Materials provided:
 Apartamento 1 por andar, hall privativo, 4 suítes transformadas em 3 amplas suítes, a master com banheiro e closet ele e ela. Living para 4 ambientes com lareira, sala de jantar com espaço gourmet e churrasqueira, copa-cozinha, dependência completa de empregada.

...

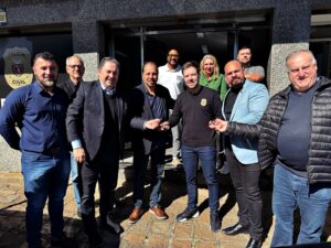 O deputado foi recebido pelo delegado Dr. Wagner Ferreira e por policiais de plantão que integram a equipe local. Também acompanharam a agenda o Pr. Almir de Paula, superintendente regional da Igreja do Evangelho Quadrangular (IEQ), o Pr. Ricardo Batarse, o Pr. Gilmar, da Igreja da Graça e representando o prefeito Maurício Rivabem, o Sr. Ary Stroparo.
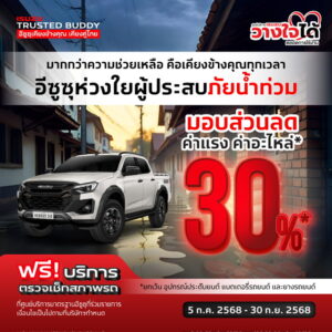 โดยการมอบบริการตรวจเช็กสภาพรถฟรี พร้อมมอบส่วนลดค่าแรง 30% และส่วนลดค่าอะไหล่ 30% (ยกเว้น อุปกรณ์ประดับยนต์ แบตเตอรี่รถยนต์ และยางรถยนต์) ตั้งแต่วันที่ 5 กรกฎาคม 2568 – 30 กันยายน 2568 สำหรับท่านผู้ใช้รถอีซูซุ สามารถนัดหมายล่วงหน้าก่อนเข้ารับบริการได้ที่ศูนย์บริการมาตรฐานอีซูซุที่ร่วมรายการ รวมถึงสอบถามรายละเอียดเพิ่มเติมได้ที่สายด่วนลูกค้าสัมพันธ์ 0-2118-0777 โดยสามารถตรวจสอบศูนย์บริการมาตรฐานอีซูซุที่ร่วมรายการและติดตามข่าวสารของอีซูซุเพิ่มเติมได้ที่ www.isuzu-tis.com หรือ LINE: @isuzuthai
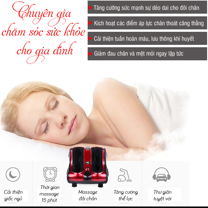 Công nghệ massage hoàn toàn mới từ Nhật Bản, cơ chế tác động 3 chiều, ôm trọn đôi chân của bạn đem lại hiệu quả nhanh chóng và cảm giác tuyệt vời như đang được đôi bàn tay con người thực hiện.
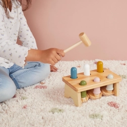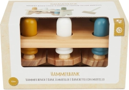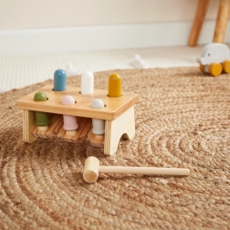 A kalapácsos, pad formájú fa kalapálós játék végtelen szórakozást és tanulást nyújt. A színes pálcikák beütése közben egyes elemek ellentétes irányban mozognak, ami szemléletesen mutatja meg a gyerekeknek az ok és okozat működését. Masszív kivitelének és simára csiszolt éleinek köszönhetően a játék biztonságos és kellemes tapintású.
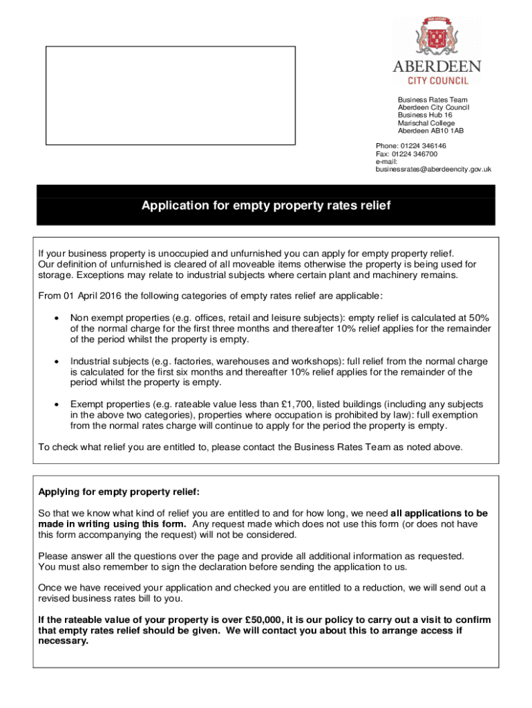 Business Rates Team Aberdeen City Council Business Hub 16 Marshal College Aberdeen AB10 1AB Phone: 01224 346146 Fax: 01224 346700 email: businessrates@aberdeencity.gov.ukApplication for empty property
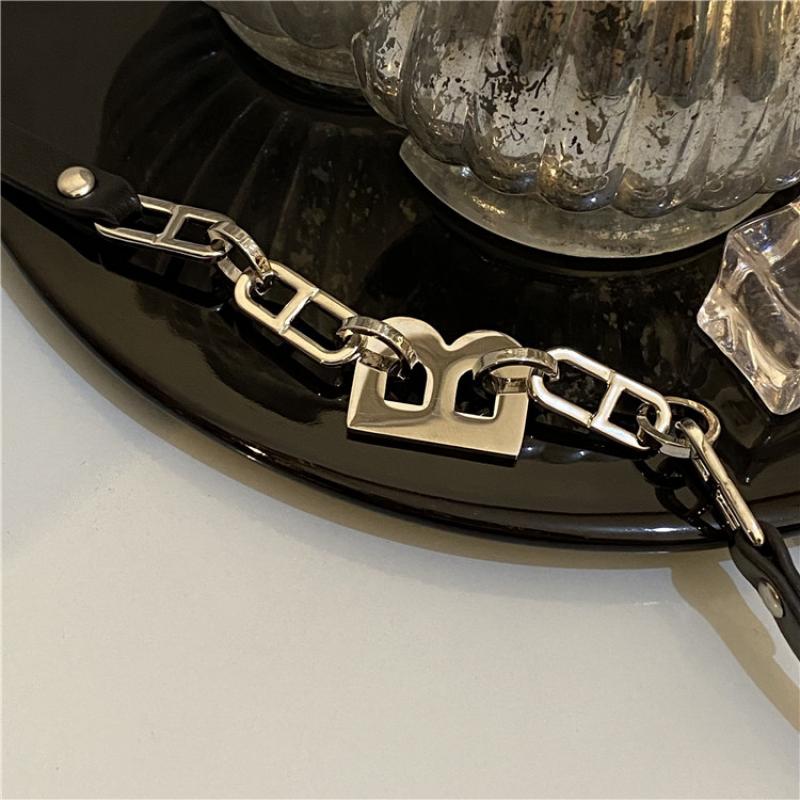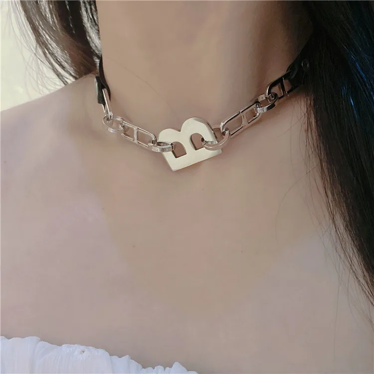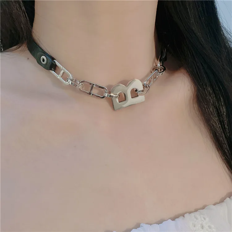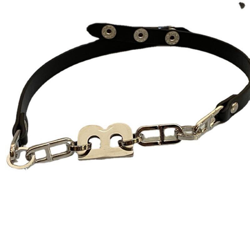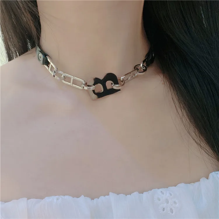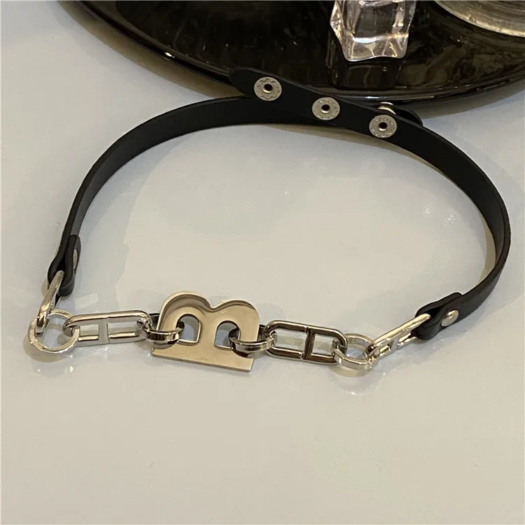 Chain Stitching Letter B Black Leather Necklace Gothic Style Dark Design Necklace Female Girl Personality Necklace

Task to complete: Beginning with the line holding "Công nghệ massage" in the material above, restate word for word each line through the line holding "Chain Stitching Letter", and exclude pictures.

Answer to the problem:
 Công nghệ massage hoàn toàn mới từ Nhật Bản, cơ chế tác động 3 chiều, ôm trọn đôi chân của bạn đem lại hiệu quả nhanh chóng và cảm giác tuyệt vời như đang được đôi bàn tay con người thực hiện.
 A kalapácsos, pad formájú fa kalapálós játék végtelen szórakozást és tanulást nyújt. A színes pálcikák beütése közben egyes elemek ellentétes irányban mozognak, ami szemléletesen mutatja meg a gyerekeknek az ok és okozat működését. Masszív kivitelének és simára csiszolt éleinek köszönhetően a játék biztonságos és kellemes tapintású.
 Business Rates Team Aberdeen City Council Business Hub 16 Marshal College Aberdeen AB10 1AB Phone: 01224 346146 Fax: 01224 346700 email: businessrates@aberdeencity.gov.ukApplication for empty property
 Chain Stitching Letter B Black Leather Necklace Gothic Style Dark Design Necklace Female Girl Personality Necklace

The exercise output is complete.